** Record set **
######
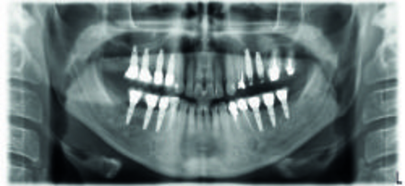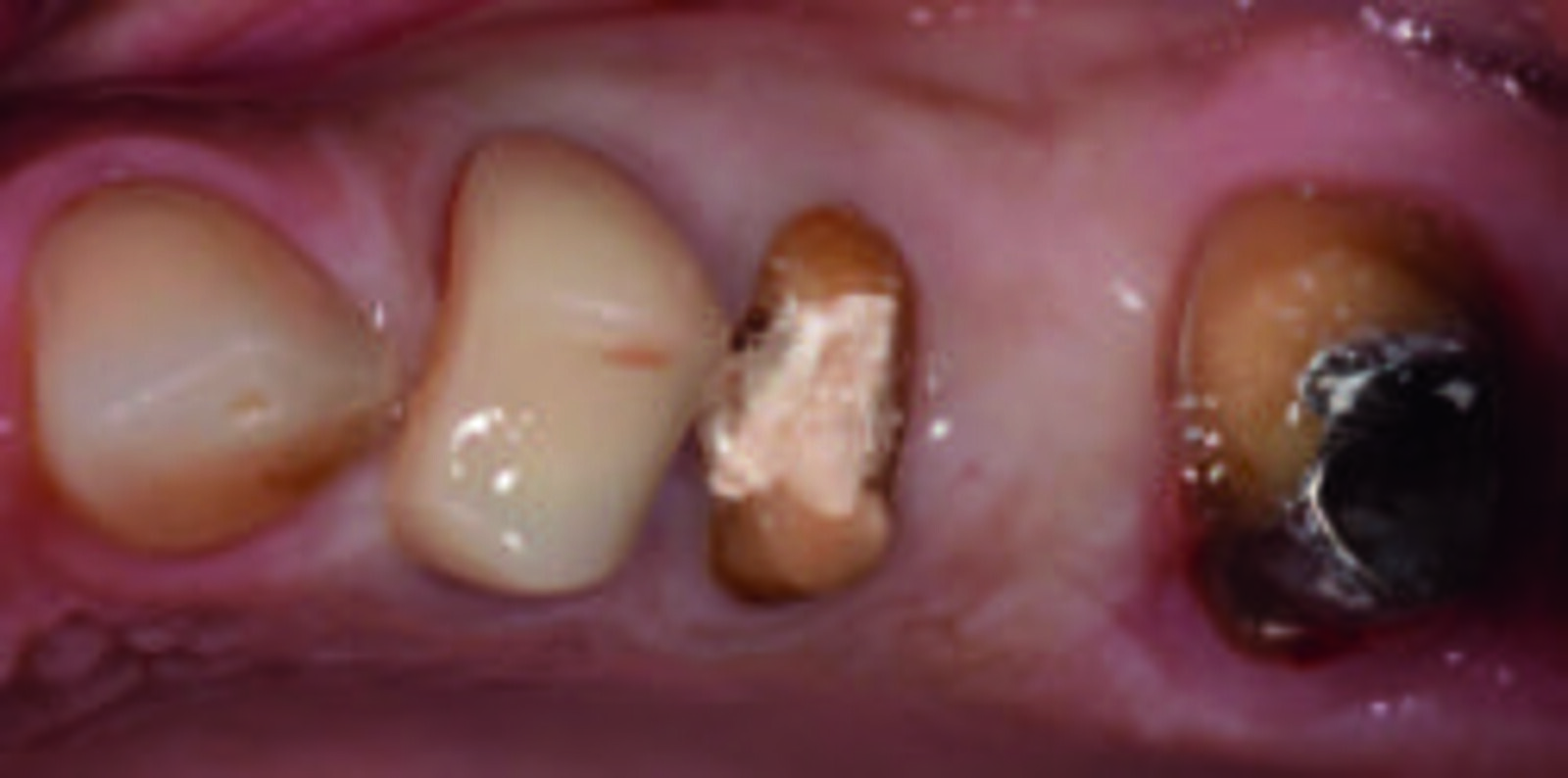 L’examen clinique et radiographique mettent en évidence l’impossibilité de reprendre le traitement de racine de la 25, compromettant son pronostic. Les dents 27 et 28 sont reprises endodontiquements, puis réalisation de faux-moignons et mise en place de provisoires avec une extension en 26.
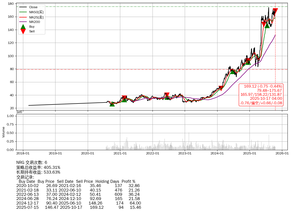 | 5 | ★NRG | $168.76(-1.23 -0.72% 2025-10-17 15:59) | 📉回撤 2025-08-05 -2.77% (73天) 144.76(2025-08-25) → 173.94(2025-08-04) (-16.78%) | +405.31% | +533.63% | -128.32% | 6 | 偏空/0.66/-0.08 | 2018-03-07~2025-10-17 |
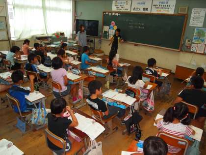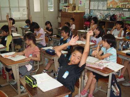 4年1組は昨日に続いて,算数の時間で小数の学習でした。
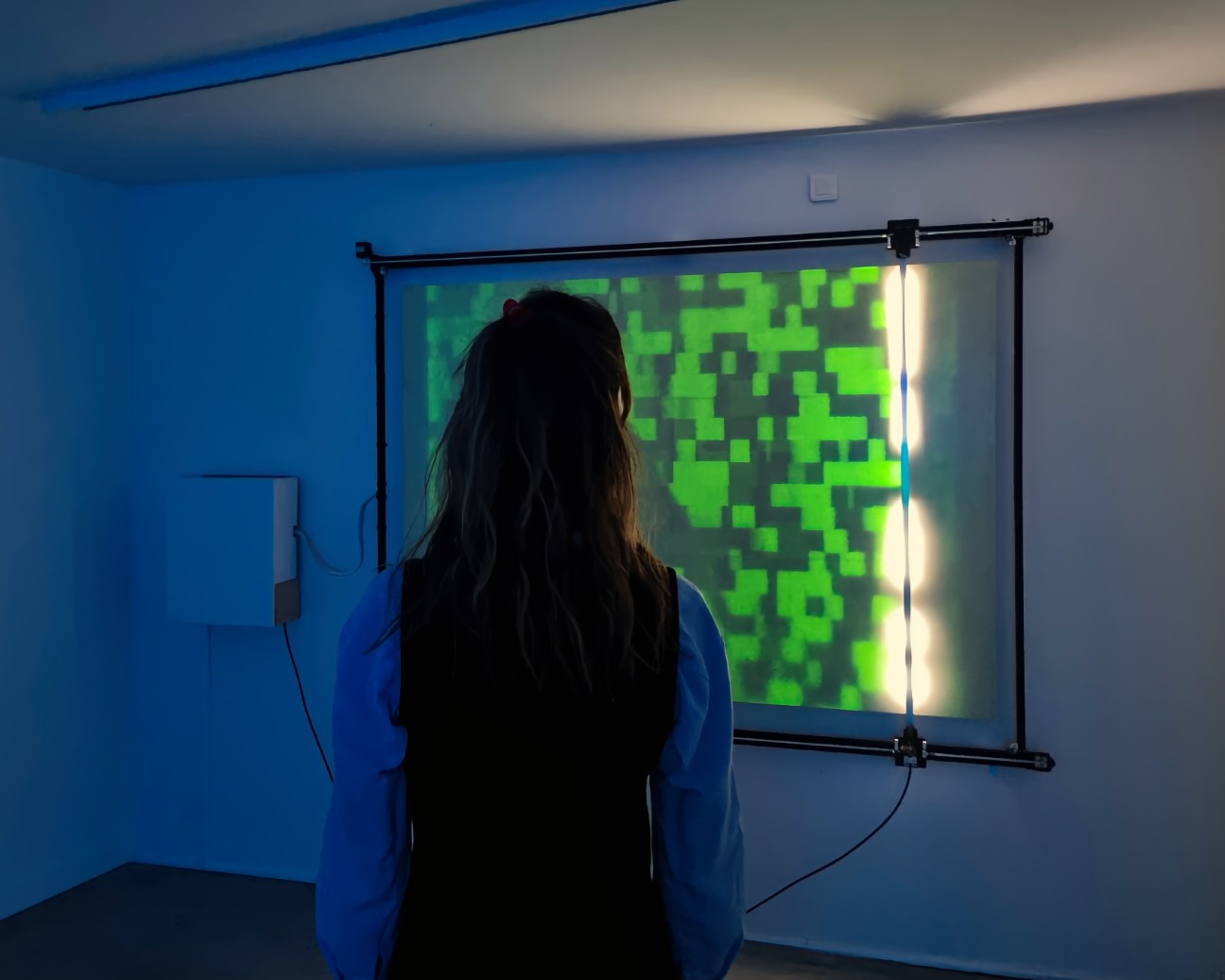 These digital footprints, captured without the visitors’ conscent by sensors from other installations within the PRESENCE exhibition, are revealed as silhouettes superimposed on these encoded data. Diffuse human forms relentlessly remind us of the lack of control that characterizes our digital identities and the intrusive nature of the processing of our personal data.
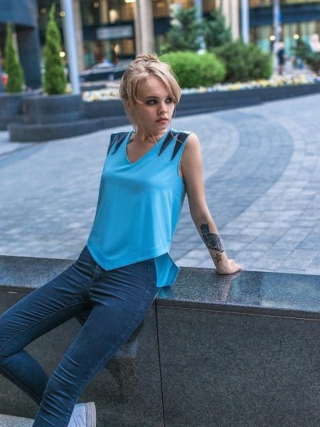Blue blouses will be an excellent choice for girls color type "summer" and "winter." Girls with fair skin blue will help to focus on the sophistication of the wardrobe.
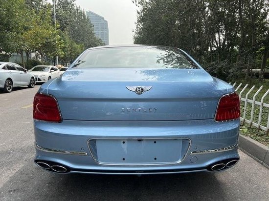 23款宾利飞驰车尾线条圆润饱满,还略带一些复古设计。椭圆形的尾灯辨识度极高,LED灯带的点亮效果非常好看。整体车身线条饱和、柔美,视觉效果则更偏向沉稳、大气的商务范儿。
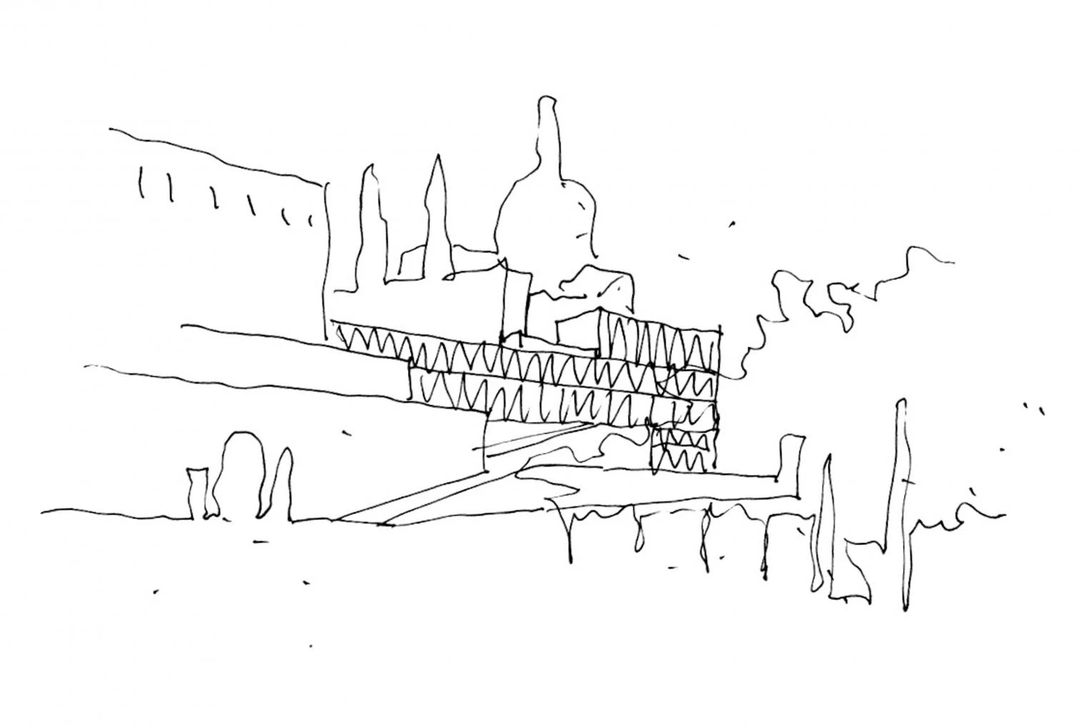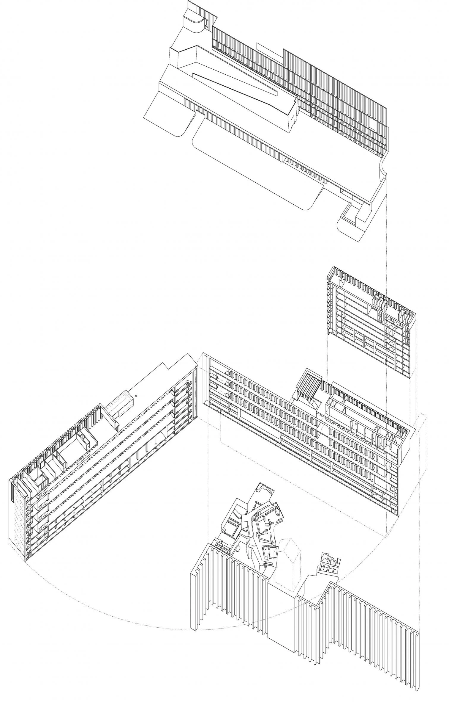 Apenas visible desde la plaza entre el palacio y la catedral, el museo se adosa a la cornisa como un gran muro de contención habitado, al tiempo sólido y permeable. Al nivel de la plaza se alza sólo un cuerpo de acceso, de dos plantas; el resto del programa se desarrolla en sentido descendente.
######
** Assignment **
Copy the lines from the line that contains "23款宾利飞驰车尾线条圆润饱" through the end of the records, exactly and with nothing added; leave the pictures out.

** Result below **
 23款宾利飞驰车尾线条圆润饱满,还略带一些复古设计。椭圆形的尾灯辨识度极高,LED灯带的点亮效果非常好看。整体车身线条饱和、柔美,视觉效果则更偏向沉稳、大气的商务范儿。
 Apenas visible desde la plaza entre el palacio y la catedral, el museo se adosa a la cornisa como un gran muro de contención habitado, al tiempo sólido y permeable. Al nivel de la plaza se alza sólo un cuerpo de acceso, de dos plantas; el resto del programa se desarrolla en sentido descendente.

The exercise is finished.